Different approaches to the same problem: giving AI agents persistent project context.
| Dimension | SpecKit | BMAD | GSD | Taskmaster | mex | Pimzino | SpecFlow |
|---|---|---|---|---|---|---|---|
| Approval gates | None | Advisory | UAT phase | None | None | Dashboard (blocking) | Dashboard + skill enforcement |
| Memory | constitution.md | Git docs | STATE.md | tasks.json | Scaffold files | Steering docs | 3-tier: DocVault + file + mem0 |
| Session learning | None | None | None | None | GROW loop | None | /prime → /audit → /wrap |
| Code search | None | None | None | None | None | None | Semantic + structural |
| Multi-project | Per-repo | Per-repo | Per-repo | Per-repo | Per-repo | Per-repo | One vault, all repos |
| Infrastructure | Code only | Code only | Code only | Code only | Code only | Code only | Docker, DNS, VMs, proxies |
| Drift detection | None | None | None | None | 8 checkers | None | /vault-update gate |
| Multi-tool | Any AI tool | Any AI tool | Claude focused | Any AI tool | 4 tools | Claude + MCP | Claude + MCP ecosystem |
| Self-hosted | Files only | Files only | Files only | Files only | Files only | Node.js | Milvus, Neo4j, Ollama |
| Best for | Quick adoption | Enterprise teams | Solo context eng. | PRD pipelines | Per-repo memory | Structured workflow | Multi-project, high-governance |
SpecFlow is an MCP server that works with any MCP-compatible agent — Claude Code, Gemini CLI, and Codex CLI verified. DocVault is an Obsidian vault. Code Context is a semantic search engine.

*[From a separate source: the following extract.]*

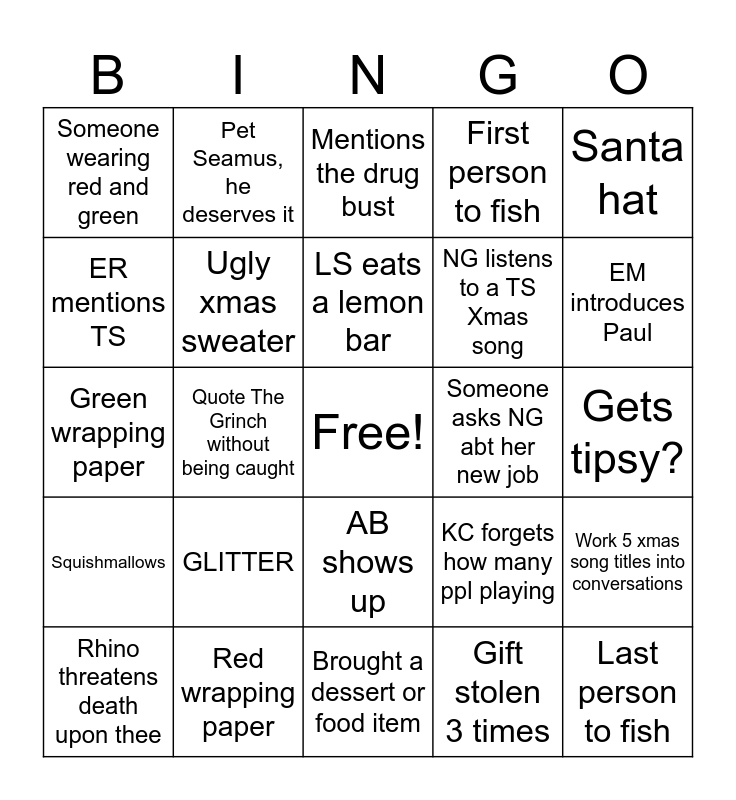 This bingo card has a free space and 34 words: KPS threatens to fire someone, Gift stolen 3 times, Gift stolen 2+ times IN A ROW, Drink a slush, Squishmallows, Ugly xmas sweater, Santa hat, Rhino threatens death upon thee, Pet Seamus, he deserves it, CHVH staff end up at the "Kids Table", LS eats a lemon bar, Mentions the drug bust, Sing a xmas song (out loud), No one wants to be first in food line, Someone asks NG abt her new job, EM introduces Paul, Red wrapping paper, Green wrapping paper, GLITTER, KC forgets how many ppl playing, AB shows up, Who has the most bourbon slushies, Someone wearing red and green, Gets tipsy?, Brought a dessert or food item, Last person to fish, First person to fish, LD wears xmas earrings, NG listens to a TS Xmas song, ER mentions TS, JA/CF whispering in corner, Quote The Grinch without being caught, Work 5 xmas song titles into conversations and Fajita blowout.

Together, they replace the bloated instruction file + ad-hoc prompting pattern.
The biggest architectural difference from other spec workflows: tasks don't execute sequentially in one session. Each task runs through an isolated three-stage pipeline, and tasks with zero file overlap execute concurrently.
23 tasks, 30 parallel subagent dispatches, 8 dashboard approval gates, zero file conflicts. What would take a full day sequentially completed in one afternoon.
Each component is independently useful today. The roadmap is consolidation: one install, one Docker container, zero cloud dependencies.
The end state: a single installable system that gives any AI agent persistent memory, semantic code search, structural code intelligence, and spec-driven workflow — self-hosted core, cloud optional.
SpecFlow is open source. The core workflow runs entirely on your machine. Cloud integrations (mem0, embeddings, session digests) are optional and configurable — use local models or cloud APIs based on your preference and hardware.